War GeekSeptember 17, 2016 7:21 AM

I mentioned GMs because I have a bit of familiarity with their CAN (car area network), enough to know that anything can tell anything else what to do on their systems at least with the code I saw in 2014. So yeah...no input validation is still a thing, and the tire sensor ID can be used to for instance...tell the car to accellerate.

The Thunderstruck reference was a joke about taking over the entertainment system but I think getting tracked is going to be the least of the worries when someone starts playing with your CAN.

hamishSeptember 19, 2016 5:41 AM

Wait until cars add a "safety" feature of controlled deceleration to a standstill on suitably extreme tire pressures, and you have yourselves a killswitch.

LesSeptember 19, 2016 7:28 AM

Could be an interesting denial of service attack on self-driving cars. Broadcast a flat tyre message on a busy road and watch every other car try to pull over immediately. Mayhem ensues.

It's easy enough to write some movie plot scenarios that use this attack (bank robbers blocking traffic behind them), but the most likely scenario is a teenager doing it for entertainment.

SJSeptember 19, 2016 10:31 AM

for further Movie Plot scenarios...

in any sort of conditions which might trigger TractionControl/StabilityControl, a rapid change in Tire Pressure might disable that system. Or might trigger the TC/SC to respond in unexpected ways.

I'm not sure how possible that kind of thing is.

But that kind of scenario scares me.

SoWhatDidYouExpectSeptember 19, 2016 4:51 PM

I recently purchased a used vehicle with tire pressure monitors. Further, I get automatic monthly reports from the vehicle on-line system (did not purchase ONSTAR; it was eventually provided it for free so THEY could get the data).

One tire sensor routinely reports under pressure. When manually checked, the actualy pressure is correct. Dealer wants $120 plus time & other materials to replace the faulty sensor. It is under warrantly milage (36,000) but dealer won't do this as they say the warranty does not cover it.


Interesting that while the dealer says there are no effective warranties for this vehicle, the monthly report indicates that a warranty is about to expire. Hmm, I wonder which one that is?

The corporate conglomerate, vehicle brand manufacturer, and dealer have inundated me with marketing material ever since the car was purchased. Mostly, they want service calls to be made yet proclaim none of the suggested work is covered by warranty, and they even want to sell me another car! What? I just bought this one, and no, they did not finance it.

My guess is that all of this is just gross marketing. Spnsored by greed.

War GeekSeptember 20, 2016 9:10 AM

The Hughes and Delphi modules transmitted pretty much all the time. Not sure about the newer Motorola ones, but I bet they do too.

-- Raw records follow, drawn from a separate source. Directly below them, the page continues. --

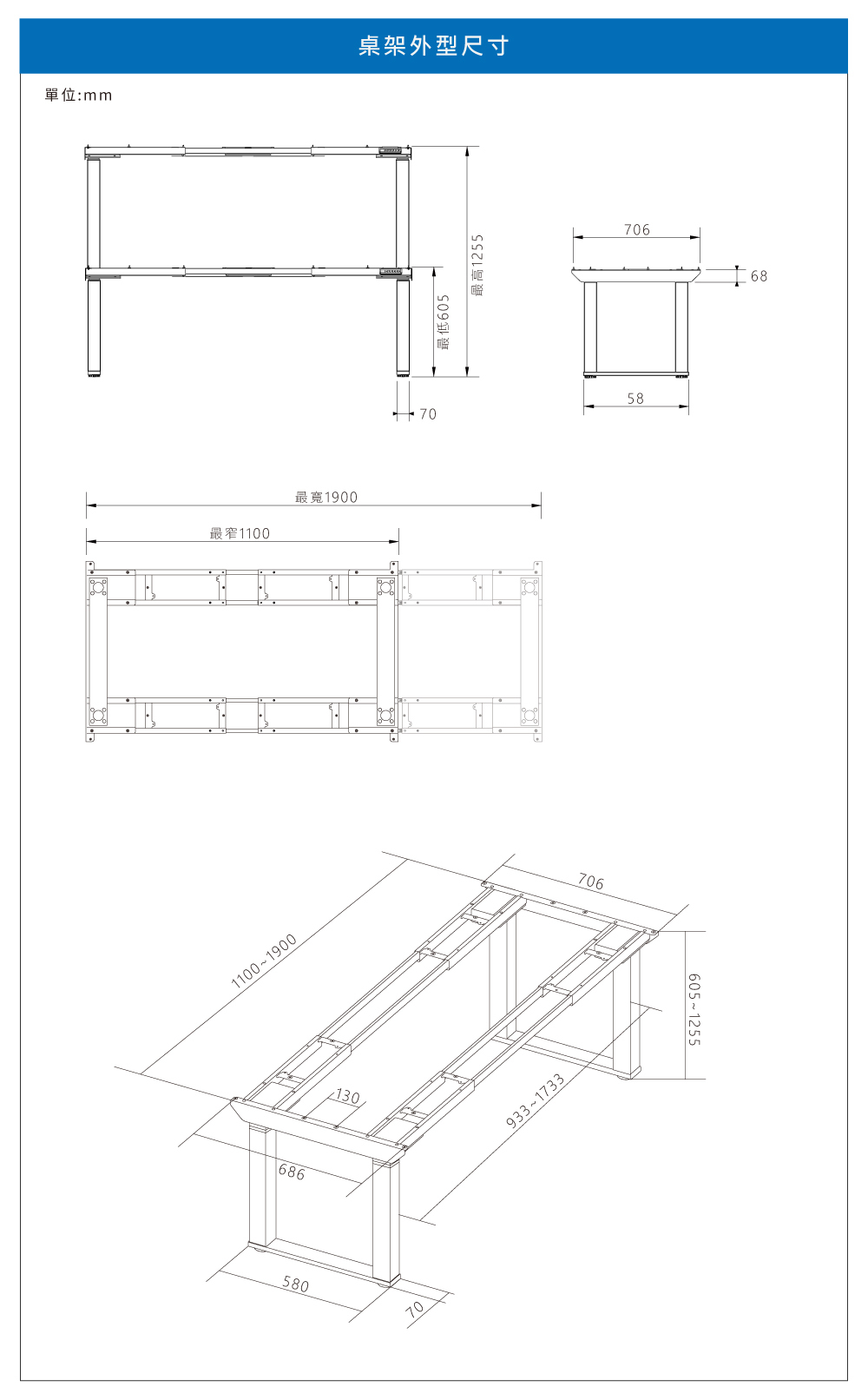 ✅ 升降範圍:60.5~125.5 cm(不含桌板)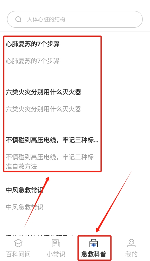 4、要是想了解急救方面的知识,点开急救科普页面,里面有各种紧急情况下的处理方法,讲解得很详细。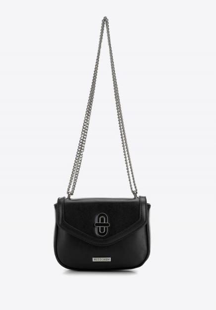 WITTCHEN Torebki crossbody | KOBIETA Damska listonoszka z obszytą klapą na łańcuszku mała czarno-srebrna czarno-srebrny

Point being that Onstar is almost certainly on (especially if you have the older version) and sending something about you all the time. Getting the service for 'free' simply means they persuaded you to click some agreement that says you can't sue them for doing things with their data that will infuriate you.

TJSeptember 23, 2016 7:22 AM

HOWTO Hack All the Cars:

1. Dump firmware and RE sensor handling code looking for remote code execution through corruption of stack or heap or use after free.

2. Make hardware that fuzzes sensor input and logs low-occurrence responses. Then try shell-code for the ASIC or CPU.

3. Dump keys for firmware updates and embed your own tools in update ROM and THEN RE and fuzz sensor handler(Charlie Miller method)

NOTE: On cars with a baseband you need a second stage exploit unless it does DMA in to the app processor address space. Car makers get their own IP range making it easy for massive attack campaigns. Good thing most malware people suck at RE and programming.

WORSE CASE:You can't get ROM signing key because it's in a low-attack-surface boot rom and fuzzing either returns nothing or finds something in "real" memory that you can't exploit reliably.